- Film poster
- Directed by: Grace Lee
- Written by: Grace Lee; Jane Edith Wilson;
- Produced by: Grace Lee; Jane Edith Wilson;
- Starring: Jane Edith Wilson
- Cinematography: Jerry A. Henry
- Edited by: Aldo Velasco
- Music by: Ceiri Torjussen
- Production companies: Wilsilu Pictures; Open Pictures;
- Release date: September 7, 2012 (TIFF);
- Running time: 77 minutes
- Country: United States
- Language: English

= Janeane from Des Moines =

Janeane from Des Moines is a 2012 American political drama film directed by Grace Lee, written by Lee and Jane Edith Wilson, and starring Wilson as a conservative housewife who attends the 2012 Republican Party primary in Iowa. It mixes elements of mockumentary and real-life interviews with Republican politicians conducted in-character without their knowledge.

== Plot ==
Janeane, a conservative housewife from Iowa, is an undecided voter who wishes to find more information about the Republican Party politicians running for U.S. President in 2012. She attends the Republican Party primary in an effort to find a politician who can offer a solution to the problems she faces.

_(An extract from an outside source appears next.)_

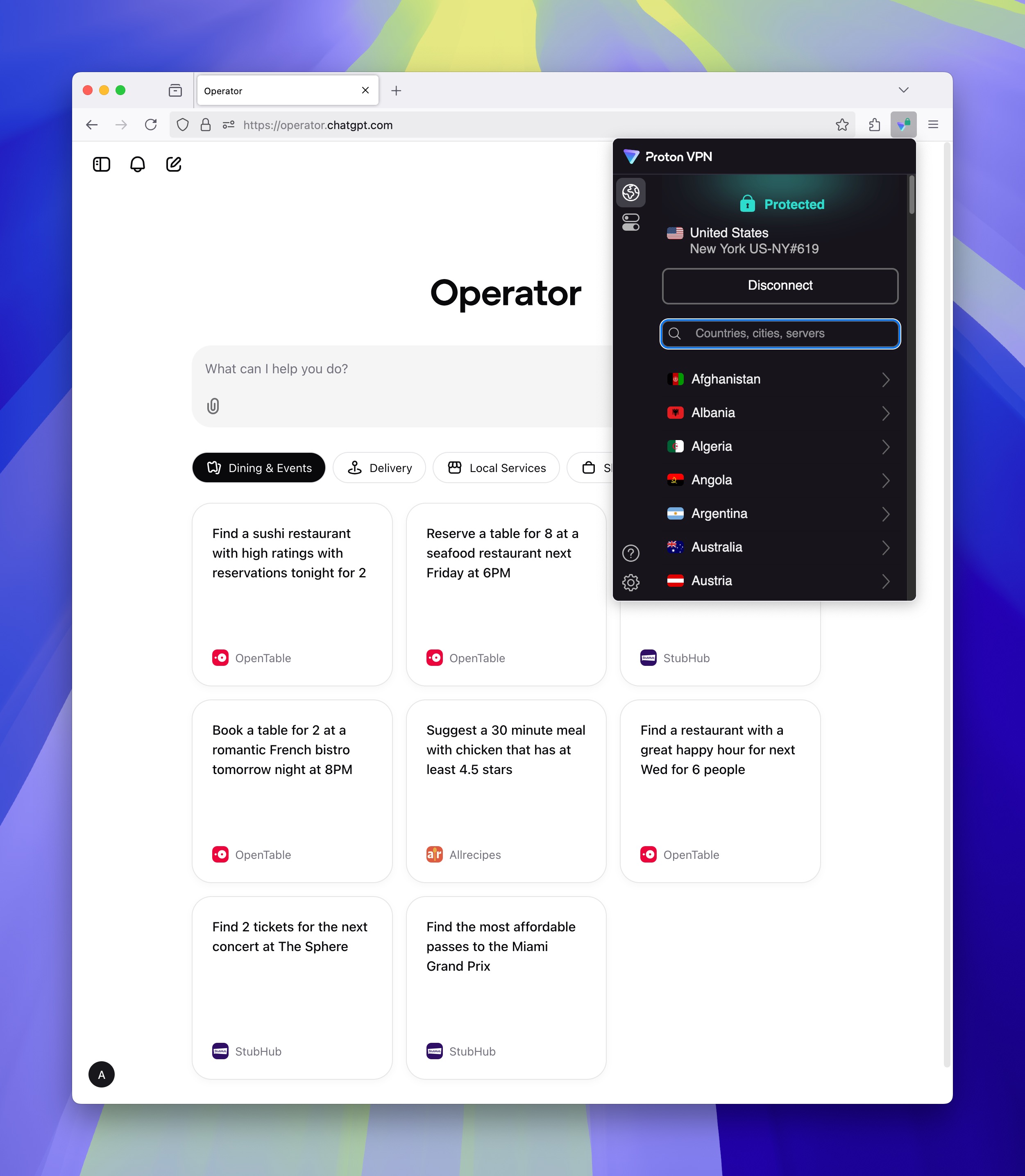 Just install the VPN application, and you should have access to OpenAI's Operator or Sora. This approach, however, has a limitation...

Her situation deteriorates quickly: her husband loses his job and comes out as gay, and she is diagnosed with cancer. These and other issues drive her to question her long-held beliefs and attempt to find a politician who can offer more than sound bites.

== Cast ==
- Jane Edith Wilson as Janeane
- Michael Oosterom as Fred
- Melanie Merkovsky as Lissi

=== Interviews ===
- Mitt Romney
- Newt Gingrich
- Rick Santorum
- Michele Bachmann
- Rick Perry
- Anita Perry

== Production ==
Lee and Wilson had previously collaborated on American Zombie. Wilson wanted to make a documentary about the Christian left, but Lee decided to make a film that blends documentary and narrative filmmaking techniques. The politicians and media were unaware that Janeane is a fictional character, and some media outlets reported on her story.

== Release ==
Janeane from Des Moines premiered at the 2012 Toronto International Film Festival. It had a limited release in October 2012.

== Reception ==
Dennis Harvey of Variety wrote, "Grace Lee's film can be billed (or dismissed) as a stunt, but it admirably refuses to go the predictable route of 'punking' the candidates for easy satire or cheap laughs." Frank Scheck of The Hollywood Reporter called it a "toothless satire" that "fails to make any compelling points." Daniel M. Gold of The New York Times wrote that Wilson has a "rare talent for staying in character". Gold identifies the major theme as "the immense gap between a desperate citizen and the politics she had hoped might help her." Claude Peck of the Star Tribune rated it 2.5/4 stars and wrote, "This cinema demi-verité is a fascinating, discomfiting hybrid of real candidates and a fake constituent, but director Grace Lee's own politics and tactics are something of a muddle." Nick McCarthy of Slant Magazine rated it 1.5/4 stars and wrote, "Yet another entry in the canon of pandering pablum that audiences can expect in a presidential election year, Grace Lee's Janeane from Des Moines would be an intriguing depiction of personal and political disillusionment if its conceit wasn't so transparent and lopsided." ION Cinema wrote, "What truly impresses is Wilson's ability to remain in character – she is more convincing than when Michael Moore walked hospital corridors in an actual health care doc Sicko, or what Sacha Baron Cohen and Joaquin Phoenix recently attempted."